Some good websites and some useful articles about how we are fooled - and how we can try to avoid it.
Contents
2011-10-21
Psychology shows some old stories are actually stories of a different thing.
"She wasn't faking. I think a better way to talk about what Shirley was doing was that she was acceding to a demand that she have this problem."
Real 'Sybil' Admits Multiple Personalities Were Fake : NPR
This is the 'Sybil' of the eponymous book of the same name by Flora Rheta Schreiber, subtitled: The true story of a woman possessed by 16 separate personalities.
Got this one from Jennifer Oullette, when she was on Google+. (Yup, this is name dropping; I, too, was on occasional chatting terms with famous people).
Top2011-10-20
How social context twists our truths.
"Stories make sense. Life usually doesn’t."
How Friends Ruin Memory: The Social Conformity Effect
Got this one from Jennifer Oullette, when she was on Google+, too.
Top2011-10-13
How unquestioning media perpetuates silly claims.

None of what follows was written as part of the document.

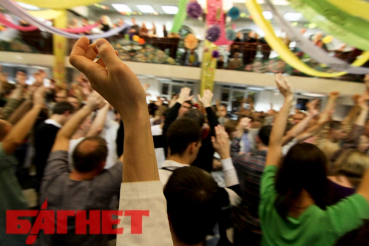 Киевские кришнаиты тоже подготовились к празднеству основательно: команда преданных пять дней готовила угощения. В ходе церемонии, собравшиеся, - уверовавшие и простые гости, - почтенно обошли семь раз символизирующий гору огромный пирог. После этого каждый участник действа получил свою частицу горы и поглотил ее на общем пиру в алтарном зале храма.
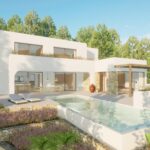 Moderne villa in aanbouw in een rustige groene omgeving van Moraira, met open uitzichten op de bergen en wijngaarden. Oplevering gepland voor juli 2025.

Extract from the article The Giant, Prehistoric Squid That Ate Common Sense by Brian Switek on Wired Science:
Image source: Wired Science
...There is no direct evidence for the existence of the animal the McMenamins call “the kraken.” No exceptionally-preserved body, no fossilized tentacle hooks, no beak – nothing. The McMenamin’s entire case is based on peculiar inferences about the site. It is a case of reading the scattered bones as if they were tea leaves able to tell someone’s fortune. Rather than being distributed through the bonebed by natural processes related to decay and preservation, the McMenamins argue that the Shonisaurus bones were intentionally arrayed in a “midden” by a huge cephalopod nearly 100 feet long. (How the length of the imaginary animal was estimated is anyone’s guess.) But that’s not all – the McMenamins speculate that his “kraken” played with its food...I guess a giant, ichthyosaur-eating “kraken” wasn’t enough. A squid with a stroke of artistic genius was clearly the simplest explanation for the formation of the bonebeds...
But what really kills me about this story is the fact that no reporter went to get a second opinion. Each and every story appears to be based directly off the press release and uses quotes directly from that document. No outside expert was contacted for another opinion in any of the stories – standard practice in science journalism – and, frankly, all the stories reek of churnalism. What does it say about the general quality of science reporting when major news sources are content to repackage sensationalist, evidence-lite speculations and print them without further thought or comment? Whether you think the “kraken” story should have been reported or ignored due to lack of evidence, the fact remains that journalists should have actually done their jobs rather than act as facilitators of hype. You don’t have to be a paleontologist to realize that there’s something fishy about claims that there was a giant, ichthyosaur-crunching squid when there is no body to be seen.